# [HOW-TO] Szyfrowanie CD/DVD

## ozman

W dzisiejszych czasach wiadomo jak ważna jest ochrona informacji. Linux posiada wbudowane narzędzia do szyfrowania jak dm-crypt. Do tej pory zostały opisane how-to które prowadzą krok po kroku jak zaszyfrować partycję, lub nawet cały system. W tym temacie chciałem Wam przedstawić jak sporządzić zaszyfrowany obraz ISO i wypalić go na płytce.

Oczywiście niezbędne jest wkompilowanie w jądro obsługi  dm-crypt, loop device, algorytmów kodowania ( w tym przypadku aes, cbc, sha256), oraz zainstalowanie pakietu cryptsetup-luks.

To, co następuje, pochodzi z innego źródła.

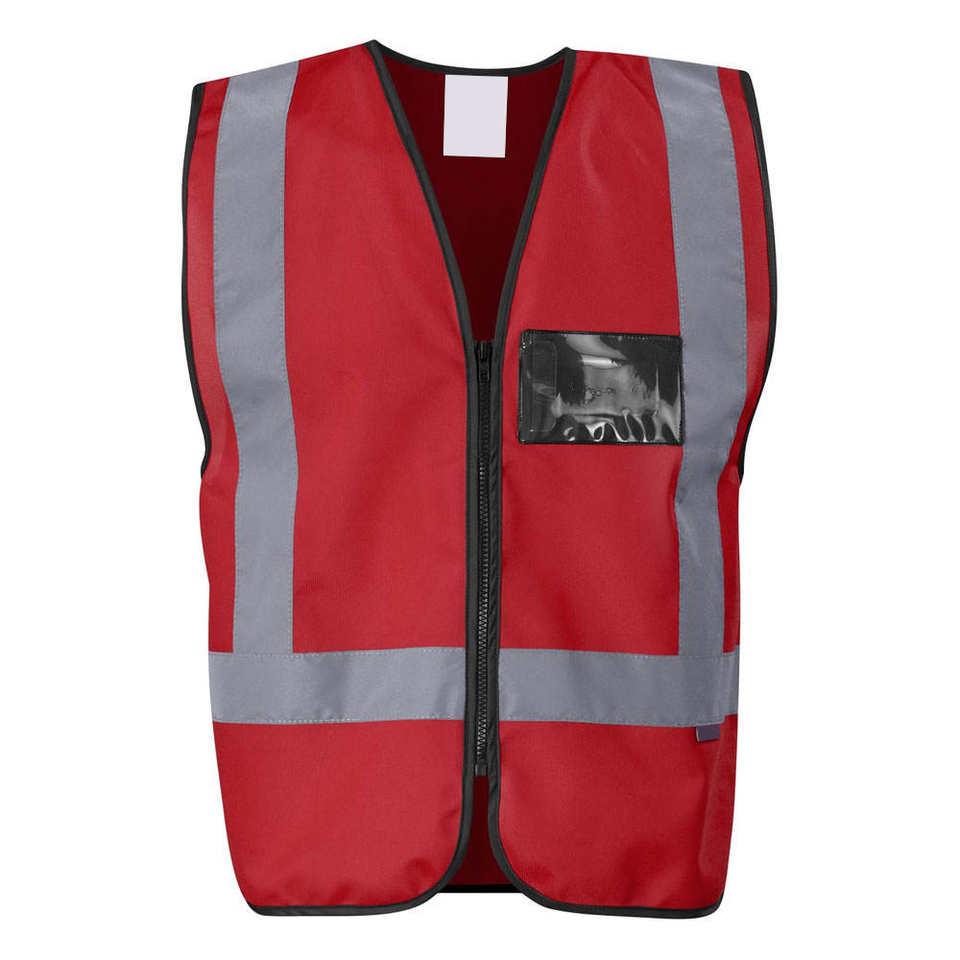 เสื้อกั๊กนิรภัยปรับแต่งได้สีแดงพร้อมโลโก้สะท้อนแสงเสื้อกั๊กวิศวกรตาข่ายรักษาความปลอดภัยส่วนบุคคล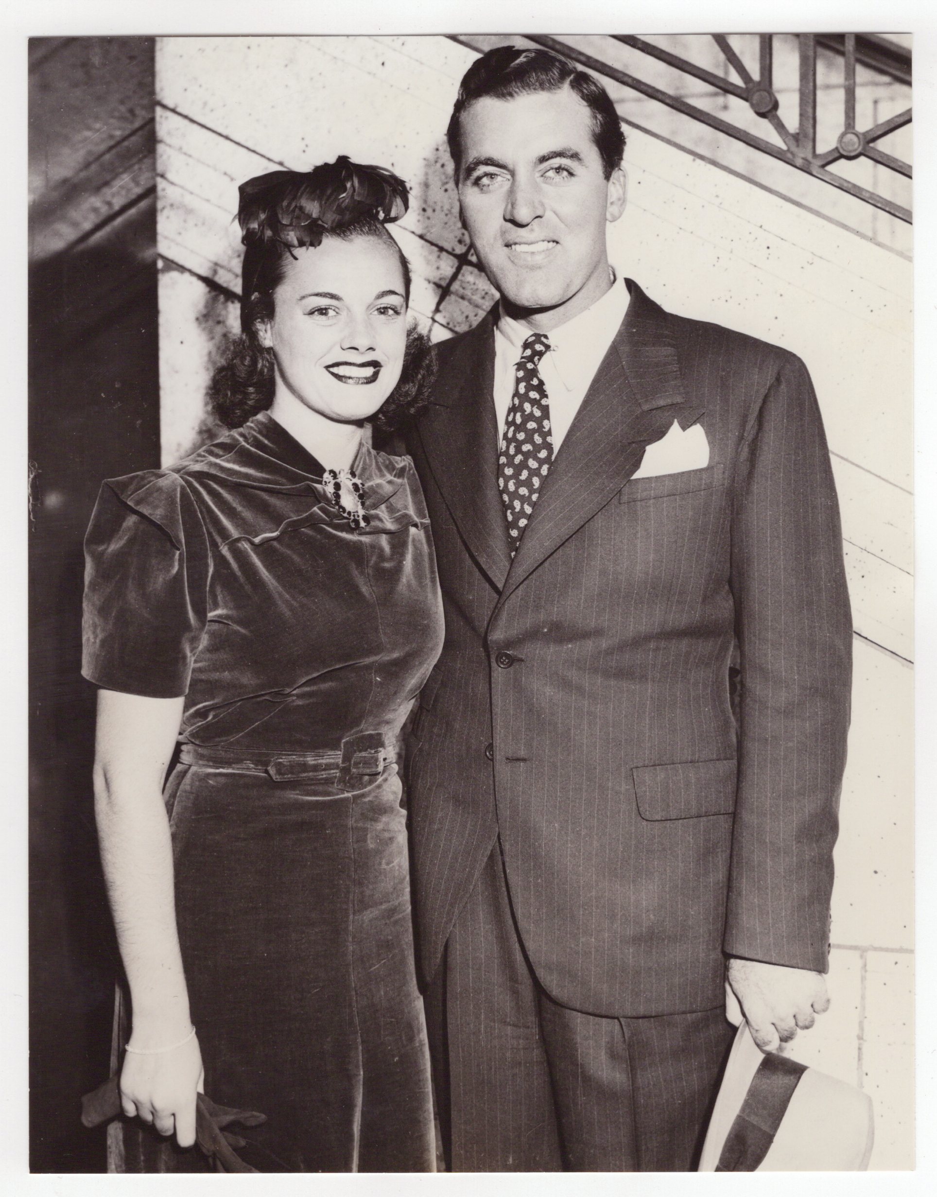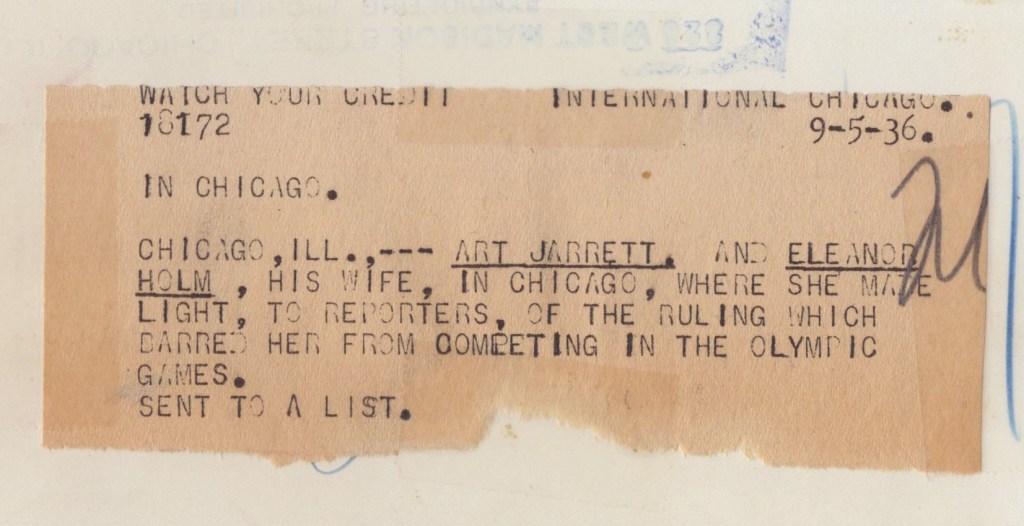 This vintage press photo (1936) features Eleanor Holm (1913-2004), an accomplished American swimmer and Olympian. She participated in the 1928 and 1932 Olympics. In 1932 she won a gold medal in the backstroke. She was selected to the 1936 Olympic team but was expelled from the team by Avery Brundage, President of the American Olympic Committee. On the way to the Olympics, Eleanor attended a drinking party aboard the ship that was taking her and her fellow athletes to Europe. Apparently she drank way too much. The team doctor found her in a near coma state. She also had been rude to a team chaperone. There were a number of charges; Eleanor did not deny them. Later in time, she stated that Brundage had a grudge against her because she had rejected him after he propositioned her. She ended up watching the swim events from the stands. Eleanor appears to have liked the limelight. In 1932, shortly after the Olympics, she had screen tests at a number of Hollywood’s major studios. That same year, she was named a WAMPAS baby star in the same class as Ginger Rogers. One of her first jobs with Warner Brothers involved barnstorming the country supporting both the movie “42nd Street” as well as the newly elected president, Franklin Roosevelt. In 1933 she married Art Jarrett (pictured in this photo), a singer and bandleader at the Cocoanut Grove nightclub. Holm appeared in four films playing herself and in one feature film, “Tarzan’s Revenge” (1938). Holm’s husband divorced her in 1938 1938. He stated he was humiliated by Holm’s expulsion from the Olympics as well as her having an affair. Holm married impresario Billy Rose in 1939. He had just divorced Fanny Brice. Also in 1939, Holm performed in Rose’s “Acquacade” at the World’s Fair. Holm’s marriage to Rose ended in 1954 in divorce. The divorce trial was sensational and was labelled “The War of the Roses”. Some months post divorce, Holm married again. Her new husband was an oil executive. SOLD

Szczegóły znajdziecie na forum.

Przejdzmy zatem do samego skryptu , który tworzy gotowy obraz ISO do wypalenia na DVD.

- Skrypt uruchomiony w danym katalogu dodaje wszystkie pliki i podkatalogi do szyfrowanego obrazu ISO

- Zaszyfrowany obraz znajduje się w /tmp/image.iso

- Zastosowano szyfrowanie aes-cbc z kluszem 256bitowym, jest to pewien bezpieczny standard, lecz w przyszłości nalezy pomyśleć o aes-lrw.

"eDVD.sh"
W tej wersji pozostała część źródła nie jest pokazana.